Who doesn’t love roast chicken with gravy and potatoes? The sight of a whole bird emerging brown and sizzling from the oven scratches a deeply primal itch. As a dinner, it’s both profoundly satisfying and ridiculously easy.

What’s that you say? Your bird’s thighs are always undercooked while the breast is as dry as packing foam? You don’t have three hours between now and dinner? Gravy, are you for real?

Faugh, that’s right I said faugh. You are obviously working way too hard. Turning the bird? Madness. Stuffing the bird? Eww, plus I hate anything that involves wet bread. Hours to cook? Ninety minutes tops and you can bake the potatoes at the same time. Gravy? Child’s play.

The secret is using small, unstuffed birds cooked at high heat.

Here’s what you need:

  • A big roasting pan, preferably dark colored (see below)
  • A fat skimmer (also called a gravy separator or a fat separator)
  • A small free range bird or two
  • A few onions, some garlic cloves and bay leaves, sherry or marsala wine
  • Baking potatoes (optional)

Dark roasting pans yield the best gravy

Here’s what you do. It looks involved, but it’s not. I just talk a lot.

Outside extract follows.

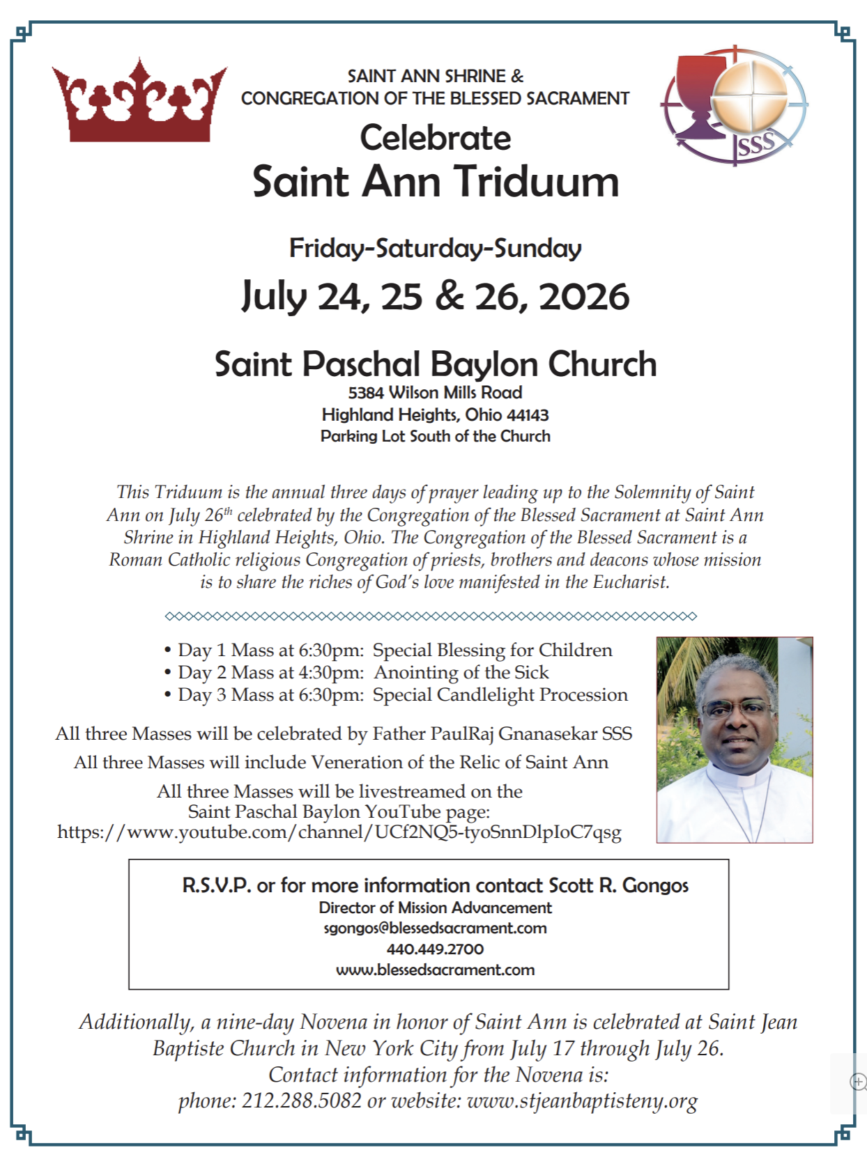 The Triduum is the annual three days of prayer leading up to the Solemnity of Saint Ann on July 26th celebrated by the Congregation of the Blessed Sacrament at Saint Ann Shrine in Highland Heights, Ohio. The Congregation of the Blessed Sacrament is a Roman Catholic religious Congregation of priests, brothers and deacons whose mission is to share the riches of God’s love manifested in the Eucharist.

  • Get a three to four pound free-range bird, organic if you can, but not absolutely necessary. Grain fed birds taste better. It’s that simple. Those big, yellow-skinned, six-pound behemoths in the grocery store are not chickens. I’m not sure what they are, but they are definitely not chickens as God intended them. If a three-pound bird is not big enough, or you want leftovers, get two.
  • Take two onions and slice them in rounds about a quarter of an inch thick. No need to peel them, just take any dirty layers off and give ’em a rinse. The onion skin adds flavor. Lay the onion slices in the bottom of your roasting pan. The darker the color of the pan, the better your gravy will be, and you must make gravy. And for God’s sake, don’t use one of those disposable tin foil roasting pans from the bodega. Just don’t.
  • Remove the organs and neck and any other disgusting parts you find in the cavity of the bird and throw them away. If you like chicken liver, buy all means, fry it up. Frankly, when it comes to pate, I can’t eat it if I think about the origins too much and handling livers is way too close to the source for me, but that’s a subject for another day. Some people boil the giblets for gravy later, but see my above comment re pate.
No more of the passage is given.